Sunday , 9 November 2025

Iran Divided Over Prospect of New War With Israel

Iranwire – In the cramped streets of Shush, a working-class neighborhood in southern Tehran, social security retirees recently chanted a message that captured the anxiety gripping ordinary Iranians:”Enough warmongering, our tables are empty.”

Their protest reflects a nation caught between the martial rhetoric of its leaders and the economic desperation of its citizens, as speculation grows about another war with Israel.

The diplomatic collapse following the activation of the snapback mechanism – a provision that reimposed international sanctions on Iran -has triggered intense debate within the Islamic Republic over whether war is inevitable, advisable, or already underway.

Military commanders, clerics, parliamentarians, and analysts offer conflicting assessments.

Some proclaim victory from the 12-day war earlier this year and predict Israel will not risk another conflict. Others describe war as imminent, apocalyptic, or, paradoxically, the path to peace.

The contradictory messaging reveals deep uncertainty within Iran’s leadership about the country’s strategic position and domestic cohesion as it faces potential military action from Israel and diplomatic isolation from the West.

Last month, Israeli Prime Minister Benjamin Netanyahu held a meeting at the White House with U.S. President Donald Trump.

Though their subsequent press conference made little mention of Iran, many observers interpreted the consultation as planning for a second phase of military operations against Tehran.

Political analysts suggest Trump wants Netanyahu to conclude unfinished military objectives before any potential agreement with Hamas, as Washington grows increasingly frustrated with prolonged regional conflicts.

Statements from Pete Hegseth, the U.S. Defence Secretary, following the meeting further fueled speculation, as his comment that “those who long for peace must prepare for war” signaled American readiness for potential escalation.

The diplomatic context makes these discussions particularly ominous.

For years, the Islamic Republic has championed the slogan of “wiping Israel off the map,” yet even some regime supporters now express concern about Israeli retaliation.

Israel, meanwhile, has repeatedly said that it will not allow Iran to rebuild its nuclear capabilities. This collision of red lines makes another round of fighting not only possible but potentially inevitable, analysts say.

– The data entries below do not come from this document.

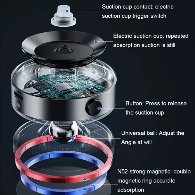 Ce support téléphone magnétique offre une fixation ultra-sécurisée grâce à son système combinant 16 aimants puissants et une double technologie d’aspiration magnétique et sous vide. Sa rotation à 360° permet d’ajuster facilement l’angle de vision pour une conduite sûre et confortable. Conçu en alliage de zinc et plastique de qualité, il allie robustesse et élégance pour s’intégrer harmonieusement à l’intérieur du véhicule. Compatible avec tous les smartphones de 4 à 6,5 pouces, il peut également se fixer sur d’autres surfaces lisses comme un bureau ou un équipement de sport.
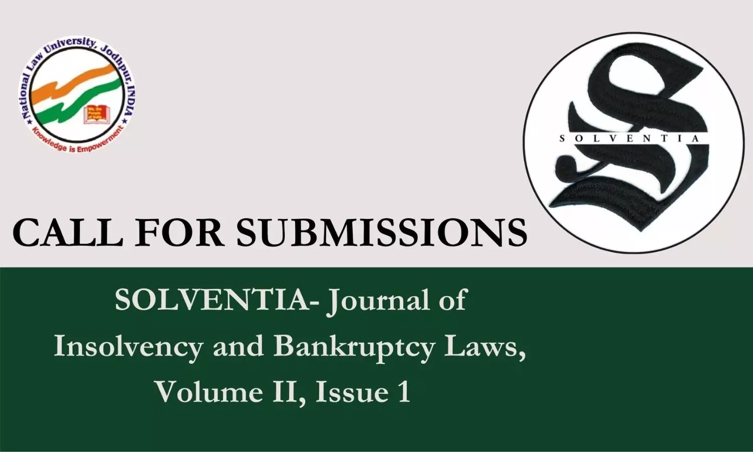 Solventia - Journal of Insolvency and Bankruptcy Laws, National Law University, Jodhpur, invites submissions for its Volume 2 Issue 1.
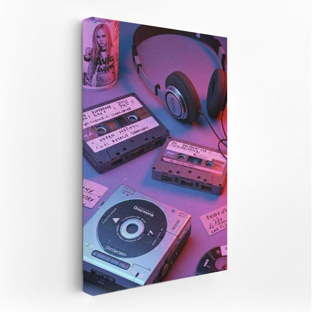 Neon Symphony: Cassettes and Discman in Retro 80s Style Wall Art
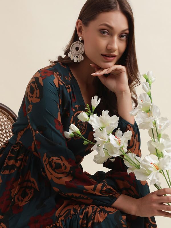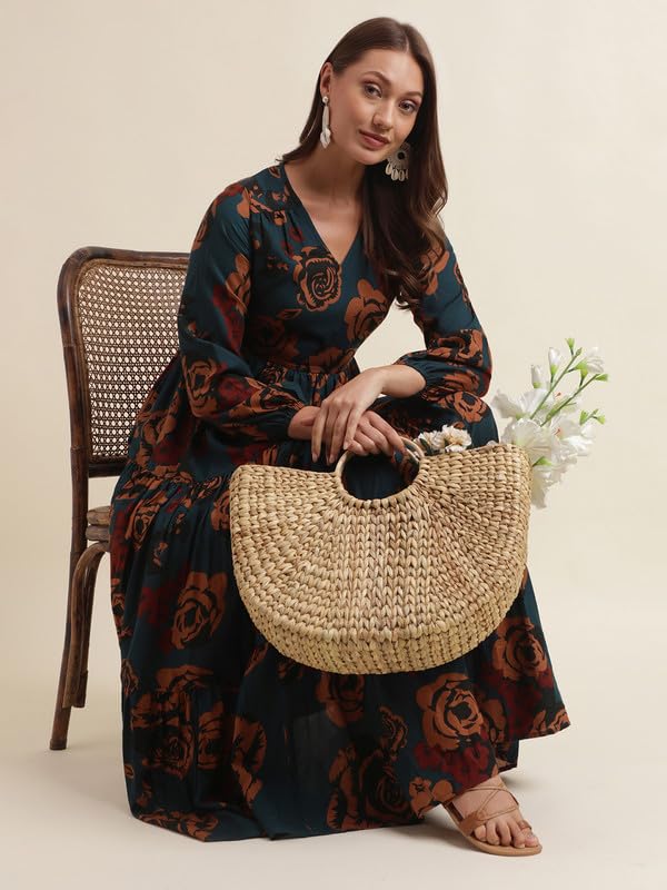 SIRIL Women's Western Poly Rayon Dresses | Maxi Dress | Printed Western Dress for Women (493TK7614-M_Blue)
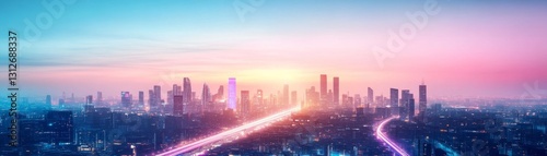 © LIPO@SEXTAO22, Fototapeta premium Futuristic city skyline at dusk, glowing in soft blue and purple hues, AI traffic moving smoothly
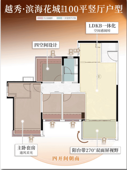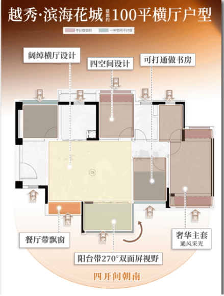 项目新推出的户型主要集中在约76-98㎡三至四房之间,其中部分户型拥有更开阔的南向采光面,加上全屋多飘窗设计,舒适度拉满。例如,约100㎡的户型有横厅和竖厅两种格局,通风和采光都接近板楼,非常适合家庭居住。

Iranian officials offer starkly different predictions about the timing and likelihood of conflict.

Behnam Saeedi, the first secretary of the National Security and Foreign Policy Commission of the parliament, believes that war will occur regardless of the snapback mechanism.

He describes the current situation as a cessation of military operations rather than a genuine ceasefire, leaving open the possibility of renewed hostilities at any time.

IRGC commander Yaqoub Zahedi takes a more optimistic view, suggesting Iran’s deterrence remains effective for at least three months.

He argues that Israel’s previous strategy of provoking popular revolt through targeted assassinations has failed, forcing any future Israeli approach to focus instead on inciting internal unrest.

Mohsen Rezaei, a member of the Expediency Discernment Council, offered the most enigmatic assessment, declaring that speculation about the timing of war is pointless “because the war is ongoing now.”

A day earlier, Rezaei had hinted at imminent developments in Israel that would prevent renewed attacks on Iran, though he declined to elaborate.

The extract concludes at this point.